Ah, Post owner Singleton: a controversial figure whom Green referred to in a column penned immediately after the announcement of the proposed joint operating agreement between the Post and the News as "the Superman of the American newspaper industry" -- and if you think that was meant ironically, think again. In conversation, Green didn't say he and Singleton were best buddies; they've never visited each other's homes, for instance. But he did reveal that during the early years of Singleton's Post ownership, Green frequently shared his opinions with Dean (who, like Green's wife, Susan, has multiple sclerosis) about the personalities on board, and they continue to speak personally every month or two.

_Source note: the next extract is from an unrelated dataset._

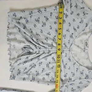 Hollister Medium Blue Dainty Floral Crop Top Long Sleeve Cinched Tie Front, y2k

That's called job security, my friends -- and with Green having just inked a new seven-year contract with the Post, expect him to be around for the long haul whether he's Mr. Popularity or not. "I don't write for my colleagues," he declared. "I don't write for my editors, and I don't write for Westword," (which, he conceded, "fills a void in this community -- not as big a void as it imagines, but it fills a void").

"I consider myself to be a representative of common sense," he went on. "I don't know if that's a definition of a populist or not. But I think that I have a lot of commonality with most people in terms of values, experiences good and bad, sentiments, interests. And I try to hit to all those fields."

Not long thereafter, the dueling tape recorders were clicked off, and Green, with Auggie in tow, escorted me to my car. As he did so, I thought that he looked happier, more at peace than he'd seemed hours earlier. I hadn't been able to solve the JonBenét mystery for him, nor could I bring back dear, departed Gus -- or make those so-called peers of his stop snickering at his work behind his back. But I'd listened to him, at least, and that was something.

Chuck probably could have turned the whole meeting into something warm, cuddly, touching -- and maybe just a little bit nauseating. But I just drove away.